Luckily, there is some niche hardware that uses tablet/phone SoCs but is sold with a GNU/Linux distribution and can be used as a freedom respecting work environment on-the-go: my current setup includes an OpenPandora (running Angstrom + a Debian chroot) and an Efika MX Smartbook, but they are both showing their age badly: they have little RAM (especially the Pandora), and they aren't fully supported by a mainline kernel, which means that you're stuck on an old kernel and dependent on the producer for updates (which for the Efika ended quite early; at least the Pandora is still somewhat supported, at least for bugfixes).

Right now I'm looking forward to two devices as a replacement: the DragonBox Pyra (still under preorders) and the THERES-I laptop kit (hopefully available for sale "in a few months", and with no current mainline support for the SoC, but there is hope to see it from the sunxi community).

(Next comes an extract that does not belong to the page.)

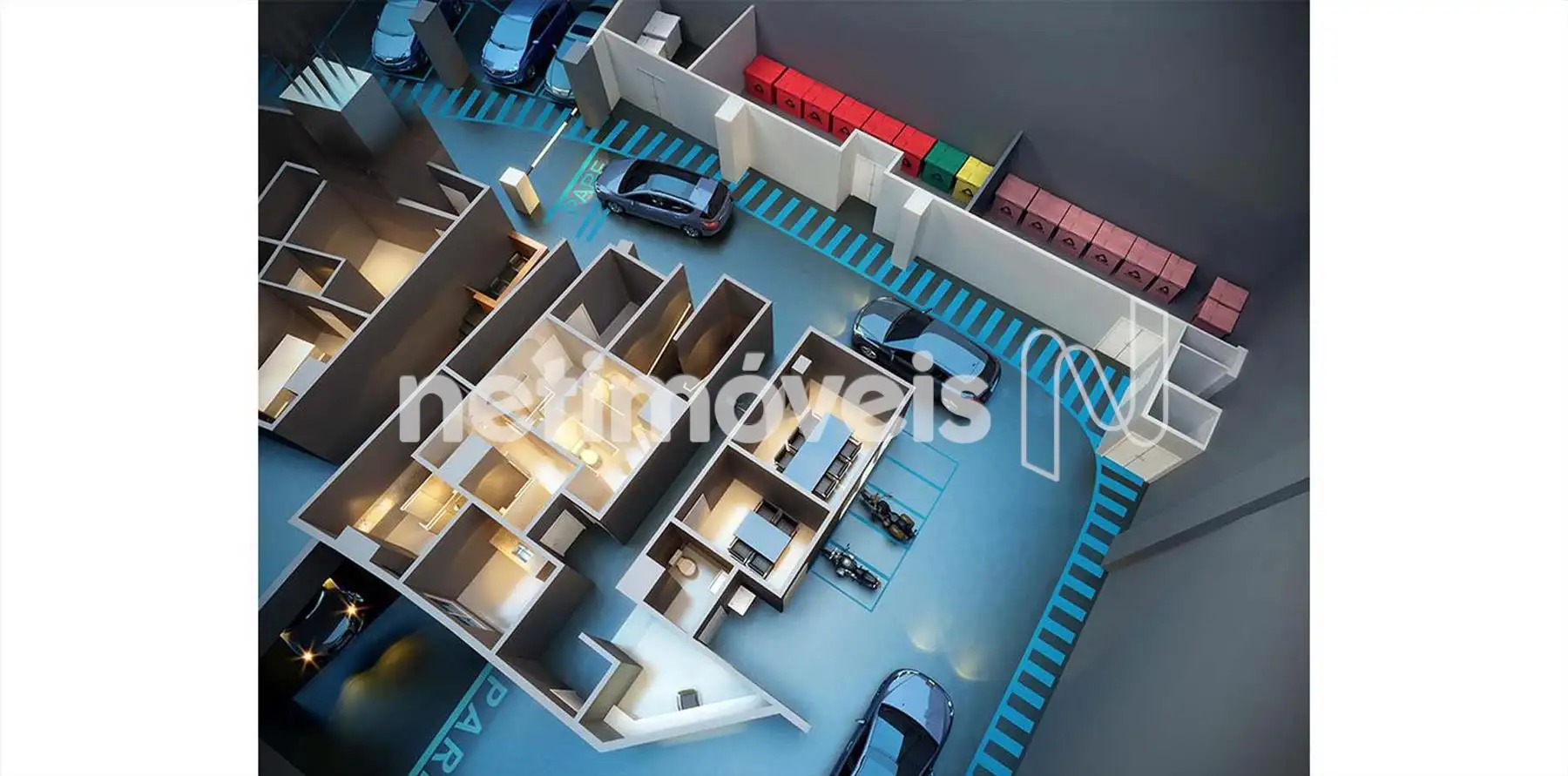 • Garagens com guarita, espaço VIP para espera, expedição, mensageria, administração, vestiário, copa e bicicletário

As for software, the laptop/clamshell designs means that using a regular Desktop Environment (or, in my case, Window Manager) works just fine; I do hope that the availability of Pyra (with its touchscreen and 4G/"phone" chip) will help to give a bit of life back to the efforts to improve mobile software on Debian

Hopefully, more such devices will continue to be available, and also hopefully the trend for more openness of the hardware itself will continue; sadly I don't see this getting outside of a niche market in the next few years, but I think that this niche will remain strong enough to be sustainable.

P.S. from nitpicker-me: David Boddie mentions the ability to easily download sources for any component with apt-get source: the big difference IMHO is given by apt-get build-dep, which also install every dependency needed to actually build the code you have just downloaded.

P.S.2: I also agree with Davide Boddie that supporting Conservancy is very important, and there are still a few hours left to have the contribution count twice.